SUJETS DU PREMIER GROUPE SERIES : L’1 - L1a -L1b -L2
EPREUVES
SUJET n° 1
Vouloir la certitude, n’est-ce pas tuer la philosophie ?
SUJET n° 2
L’art n’est-il pas la preuve que le cœur a plus de génie que la raison ?
SUJET n° 3 : Expliquez et discutez le texte ci-après :
La pluralité des sciences et la spécificité de chacune d’elles résultent évidemment de leur
nature même, c’est-à-dire du fait qu’elles sont essentiellement des activités intervenant sur le
réel pour recueillir des données. Or, premièrement, elles sont obligées de choisir les aspects du
réel qu’elles veulent étudier. Deuxièmement chaque mode d’intervention, c’est-à-dire chaque
méthode, entraine la découverte de phénomènes qui ne peuvent être atteints par d’autres
méthodes. On nous objectera que certaines sciences interviennent peu et se contentent
d’observer : l’astronomie, l’éthologie. Nous dirons plus exactement que, contrairement aux
sciences expérimentales, elles ne peuvent pas ou ne veulent pas modifier certains facteurs du
réel comme le font ces autres sciences en vue de questionner celui-ci.
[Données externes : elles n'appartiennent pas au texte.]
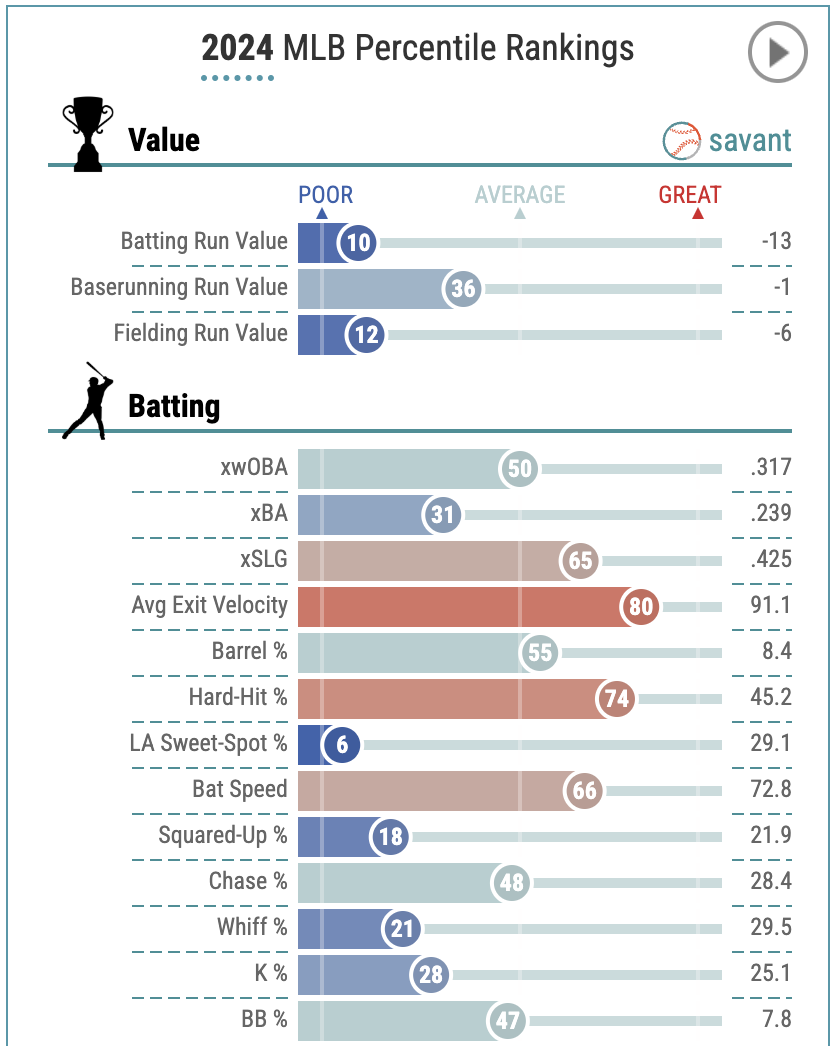 Since going off for 41 home runs in 2021 in a season split between Double and Triple-A, Melendez has failed to meet his power expectations in the big leagues. In fact, Melendez has regressed each season he’s been in the majors. In 2024, he posted career-worst rates for batting average and on-base percentage. His strikeout rate hovered around a quarter of all plate appearances which was right in line with how he’s done in his career, but his walk rate took quite a tumble. Although his .400 slugging percentage was the highest of his career by a couple of points, his OPS+ has dropped in each of his two seasons since his rookie campaign in 2022. His overall batting numbers have been rather pedestrian.
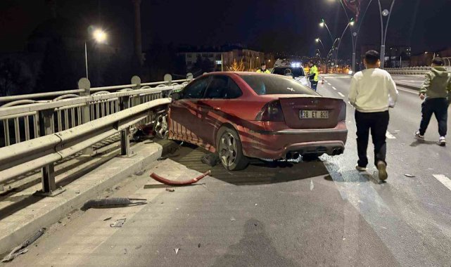 Kayseri'de karşı yola geçen otomobil bariyerlere çarptı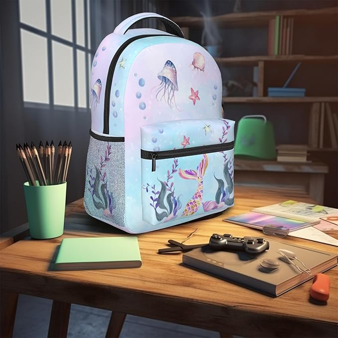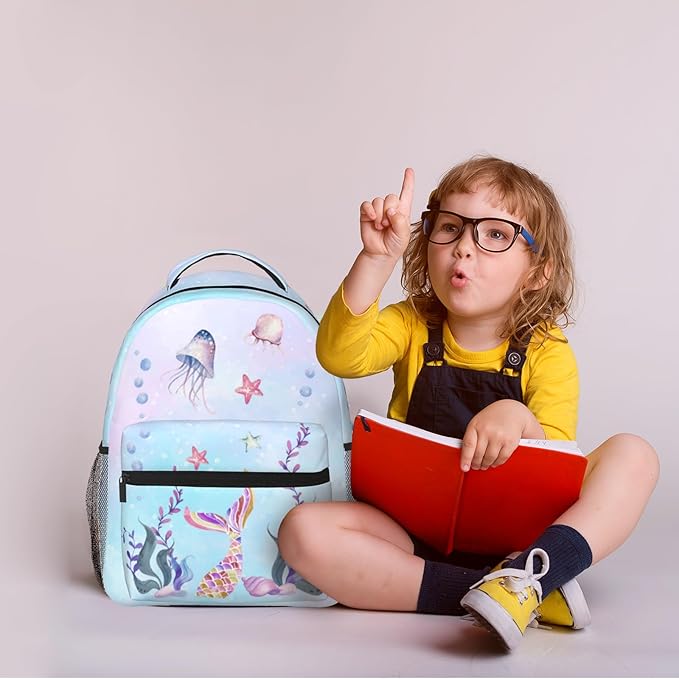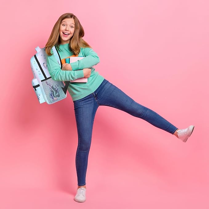 Girls Mermaid Backpack, Girl's Dreamy Underwater World School Bag with Jellyfish & Starfish Prints, Kawaii Lightweight Bookbag for Girls Boys Age 5-12, Ideal for School Travel Outdoor Hiking

Mais elles sont
néanmoins essentiellement actives, et l’observateur intervient, ne serait-ce que par le point de
vue à partir duquel il observe et par ses instruments.
Jeanne Parain-Vial.
CONSEILS
Critères pour la dissertation
Conceptualisation et problématisation
Analyser correctement les termes du sujet
Dégager une problématique pertinente
Traiter le sujet tel qu’il est posé
Donner au sujet une extension suffisante
Argumentation
Formuler un certain nombre d’idées précises et pertinentes (et non des lieux communs ou des généralités)
Bien délimiter les idées importantes et en pousser la logique jusqu’à son terme
Intégrer des références bien commentées
Elaborer progressivement une réponse à la question posée (cohérence)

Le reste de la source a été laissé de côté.